Par Hong Kong Fou-Fou
Chers lecteurs, depuis le temps qu'on (ne) se connaît (pas), il est temps pour moi de faire mon coming out et de vous faire un aveu qui me pèse sur la conscience : pendant de nombreuses années, j'ai été skinhead. Oui, vous avez bien lu. J'en entends qui s'exclament : "Nooon, pas lui !" "Un si gentil garçon !" "Il m'a aidé à traverser la rue, une fois !" "Il ne fait pas de fautes d'orthographe, pourtant !" Et pourtant (ah, il fait des répétitions, par contre), c'est la stricte vérité. Et je ne regrette rien. Alors maintenant, vous pouvez résilier votre abonnement à Fury Magazine (m'en fiche, c'est gratuit) ; vous pouvez brûler les anciens numéros (m'en fiche, c'est du virtuel) ; vous pouvez boycotter mes articles et ne lire que ceux de Goudurix (m'en fiche, c'est vous que vous punissez) ; vous pouvez venir me casser la figure (m'en fiche, c'est... Heu, on peut d'abord discuter ?).
Mais bien sûr, qu'on peut discuter, entre gens de bonne volonté.
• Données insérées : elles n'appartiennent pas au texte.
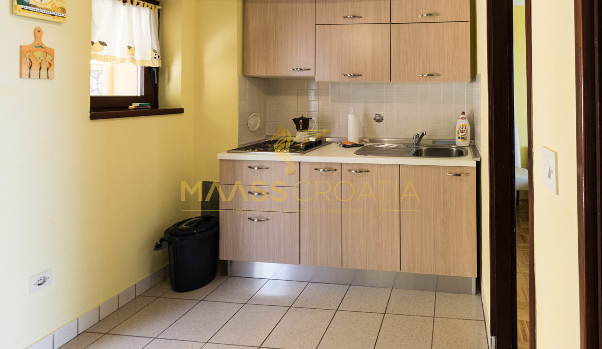 Na pierwszym piętrze znajduje się mieszkanie z 2 sypialniami, które mają dostęp do balkonów z pięknym widokiem na morze, Zadar i wyspę Ošljak. Przed mieszkaniem na pierwszym piętrze znajduje się przestronny taras z kominkiem.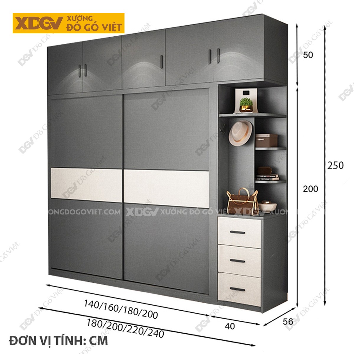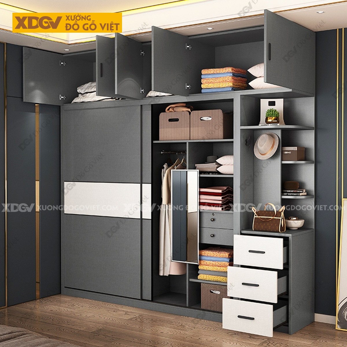 Tủ Áo Gỗ Công Nghiệp Dạng Hộp Cửa Lùa 3 Cánh Linh Hoạt
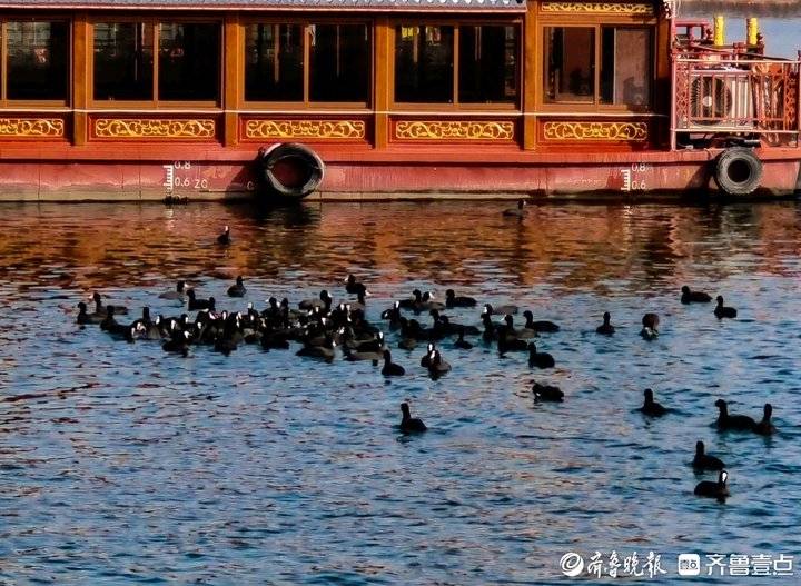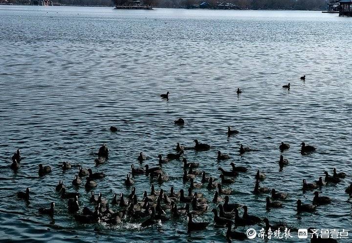 正月假日,济南大明湖游客如织,水中各类水鸟自由觅食、嬉戏,成了大家欣赏野趣的重点。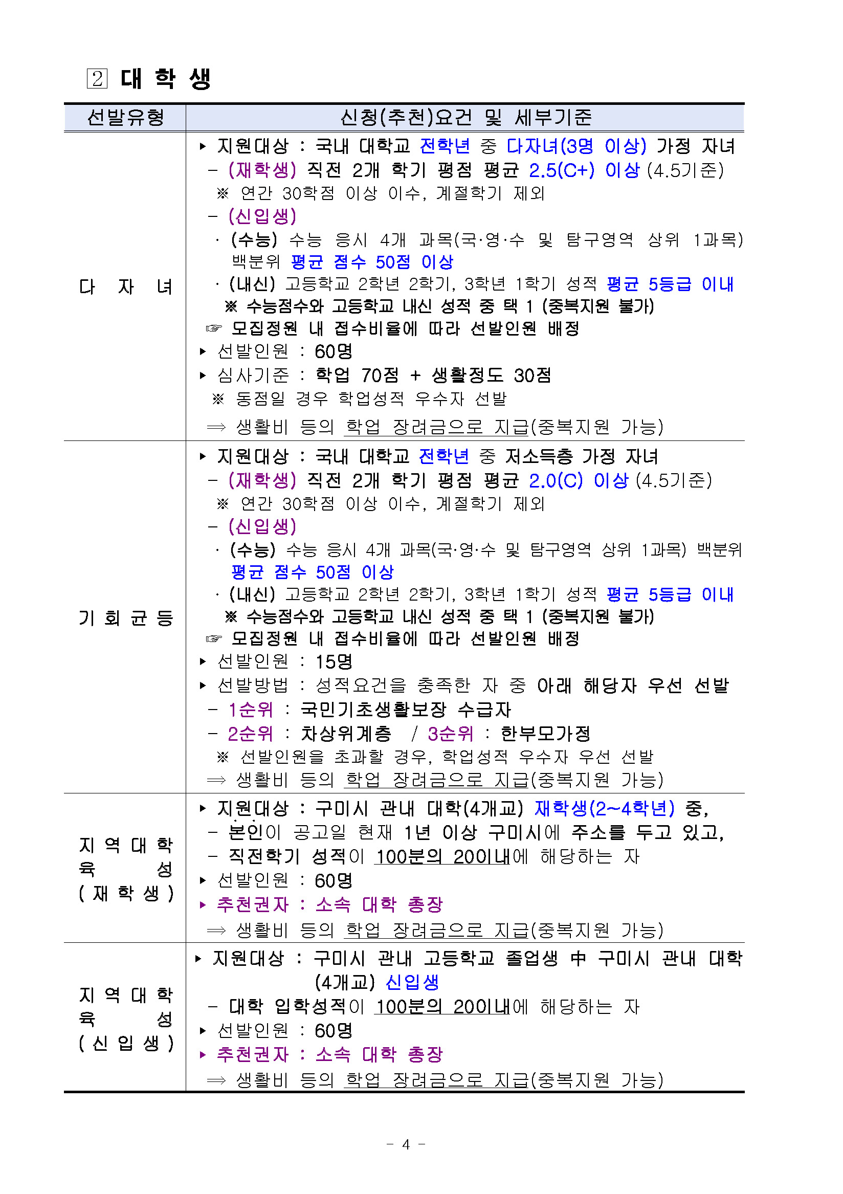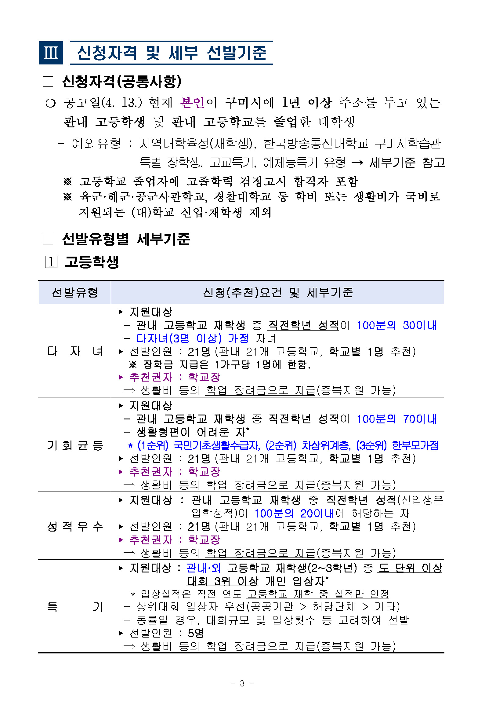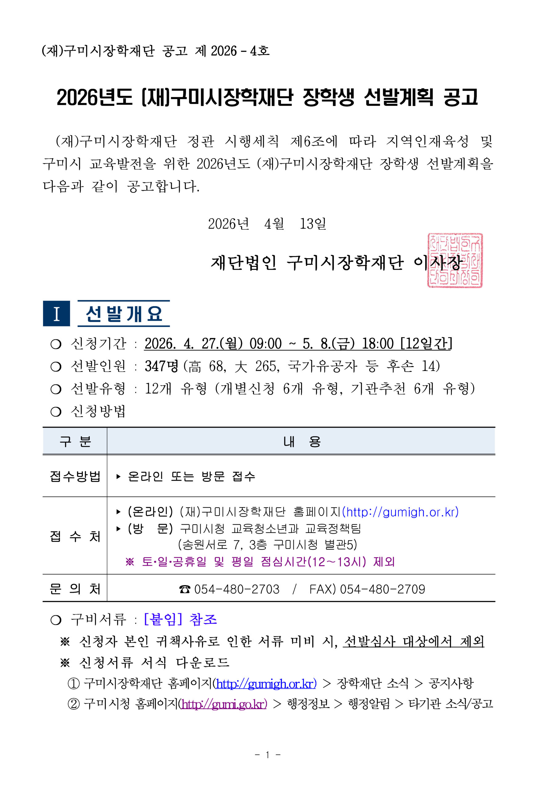 장학공지 [구미시] 2026년도 (재)구미시장학재단 장학생 선발 안내 2026.04.16 조회수 155 학생처 share facebook twitter kakaotalk 카카오톡 앱이설치된 모바일 기기에서만공유 가능합니다. https://www.syu.ac.kr/p8up share 복사 I 2026년도 (재)구미시장학재단 장학생 선발 안내 I 상세 내용은 아래 및 첨부파일을 확인하시어 반드시 해당 기관(단체)에 문의 혹은 홈페이지를 참고하시기 바랍니다. (아래의 그림을 클릭 시 해당 기관 홈페이지로 이동됩니다) 본문-2026년도-재구미시장학재단-장학생-선발-홍보-협조.pdf (186.9 KB) 서식-장학금-신청서류-2026.hwp (47.5 KB) facebook twitter kakaotalk 카카오톡 앱이설치된 모바일 기기에서만공유 가능합니다. 이전글 글이 없습니다. 다음글 2026-1학기 국가장학금 I유형 지급 안내_1차 목록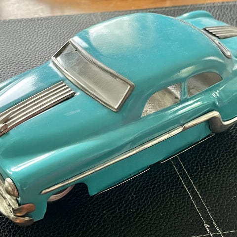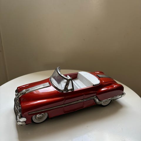 Hieno Pontiac peltiauto. Ei osapuutteita, maalipinta hyvä, kromiosat tummuneet/patinoituneet. Frictio toimii. Pituus n. 25cm.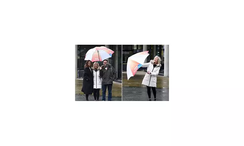 Following her emotional announcement, Kirkwood was comforted by co-presenters Nugent and Kay, who offered tissues and warm hugs live on air. The trio later posed for photographs outside the Salford studios, with Kirkwood battling a BBC Breakfast umbrella against heavy rain while smiling broadly in a long white coat.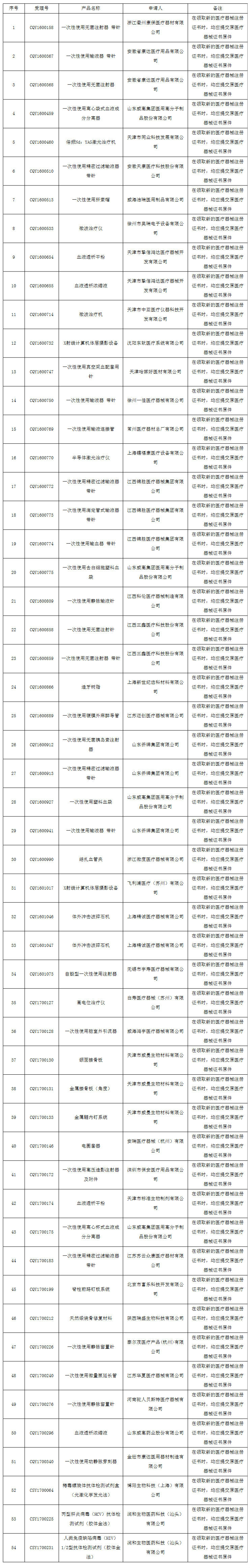 2017年7月10日,国家食品药品监督管理局发布58个医疗器械准产批件,具体内容如下: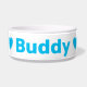 Ce bol en céramique a deux coeurs bleu ciel et peut être personnalisé avec le nom de votre chien. Choisissez le style et la couleur de police que vous préférez au lieu du bleu affiché ici. Vous pouvez déplacer le coeur autour et ajuster leur taille également pour faire ce plat de chien juste pour votre chien. Fait un cadeau unique et amusant pour n'importe quel parent de chien!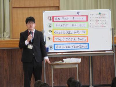 寒い日も暑い日も、子どもたちの登校の安全を毎日見守ってくださっている「見守り隊」の皆さんや銭太鼓浮立(ぜにだいこふりゅう)を教えてくださる地域の方などをお招きして、「学校サポーター感謝の会」が行われました。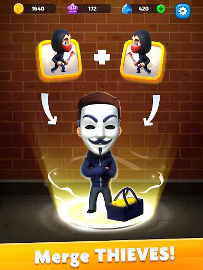 Moreover, it's not just an idle money clicker. Are you a fan of merge robber games? Do you like to merge dragons, planes, goblins, plants, food, or maybe merge people? In our bank heist simulation game you got to merge burglars!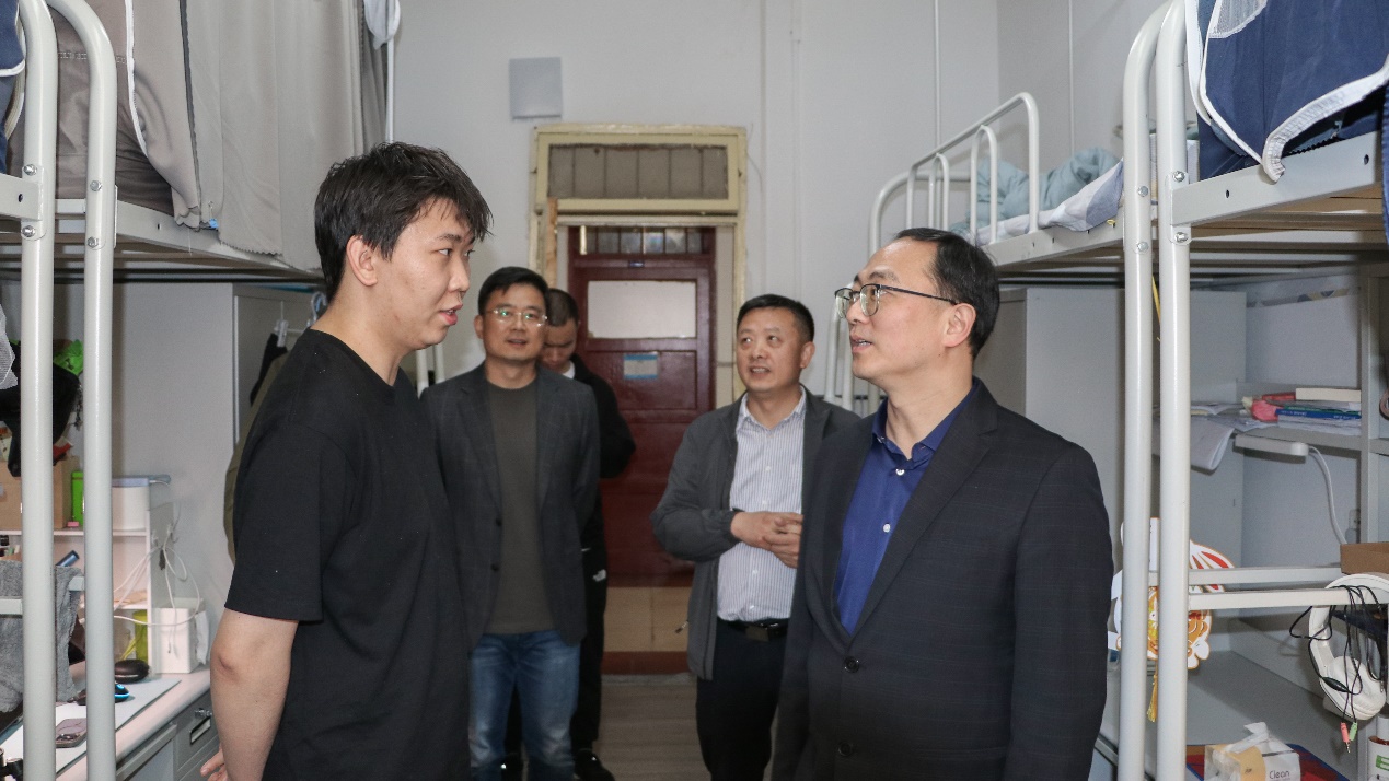 为深入了解在校生思想、学习和生活情况,做好清明节假期校园安全工作,4月3日下午,51黑料网 党委书记贾侃、院长侯全华、党委副书记刘鹏以及全体专兼职辅导员深入本硕宿舍开展走访活动。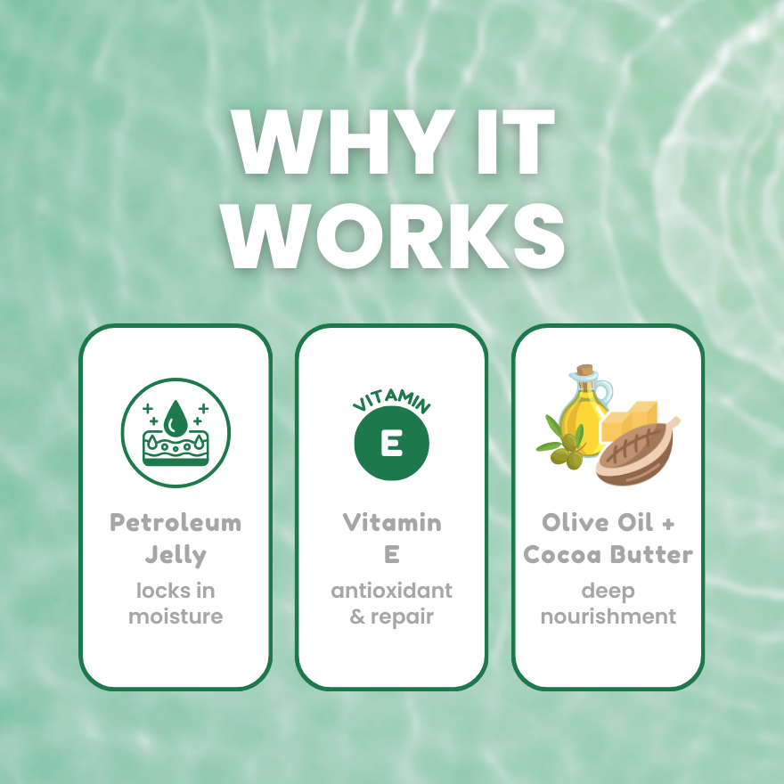 - Petroleum Jelly – Locks in moisture and forms a protective barrier

D'autant plus que les skinheads ne sont pas forcément
aussi bêtes et méchants qu'on veut bien le croire.
Le mouvement skinhead est issu du mouvement mod à la fin des années 60, les premiers skins écoutaient du reggae. Elégance vestimentaire, musique noire... Comment a-t-on pu basculer et arriver à l'exact opposé, à savoir des types mal habillés pogotant et tendant le bras sur la musique de groupes que même un sourdingue aurait du mal à supporter ? La faute à qui ? A personne, en fait. Le film "This is England" de Shane Meadows montre parfaitement ce glissement progressif et involontaire vers une radicalisation de ces jeunes Anglais chômeurs et fauchés. Ensuite, les médias ont fait le reste en se chargeant de faire leur mauvaise publicité. Les journalistes se sont jetés sur le sujet comme un rottweiler élevé par un faf sur la jambe d'un Pakistanais. Les universitaires ont publié leurs souverains poncifs. Les sociologues y ont été de leurs explications vaseuses. Pour comprendre ce genre de culture, il faut la vivre de l'intérieur, pas l'observer depuis une salle de rédaction ou d'archives. Ensuite on a eu des skins rouges, mais nazis ou reds, c'est blanc bonehead et bonehead blanc. Et puis des skins homosexuels à moustache, des skins contre la vivisection, des gabberskins, tout un tas de sous-groupes à des années-lumière du mouvement original.
De temps en temps, un livre vient remettre les pendules à l'heure. Comme, en son temps, "Skinhead" de Nick Knight. Et, aujourd'hui, "Skinheads" de John King. King, Knight, on se croirait au Moyen-Age. Et ce n'est pas si débile, car les skins ont toujours été associés à un certain code de l'honneur, un certain esprit chevaleresque un peu désuet. Bon, attention hein, je n'essaie pas de faire passer les skins pour des petits saints, ça reste quand même des gens plutôt turbulents. Mais ni mieux, ni pires que les autres. Essayer de démontrer ça, c'est la qualité première du bouquin de John King. L'auteur n'a pas son pareil pour décrire l'Angleterre de la rue, il l'a déjà prouvé avec, entre autres, "Football Factory" et "Human Punk". Les héros de son dernier livre travaillent pour entretenir leur famille, se détendent en buvant une pinte de London Pride et en écoutant du ska ou du reggae, ils se défoulent en allant au stade défendre les couleurs de Chelsea. Leurs cheveux sont coupés courts, leur chemise impeccablement repassée et leurs Doc Martens bien cirées. Ils ont la classe, mais la classe ouvrière. En Angleterre, Nick Hornby est l'écrivain des bobos, John King celui des prolos.
D'accord, ce n'est pas de la grande littérature, je ne suis même pas sûr que ça soit de la littérature tout court, c'est loin d'être le meilleur King, mais ça change d'une thèse de doctorat sur le même sujet pondue par un pontifiant rat de bibliothèque universitaire.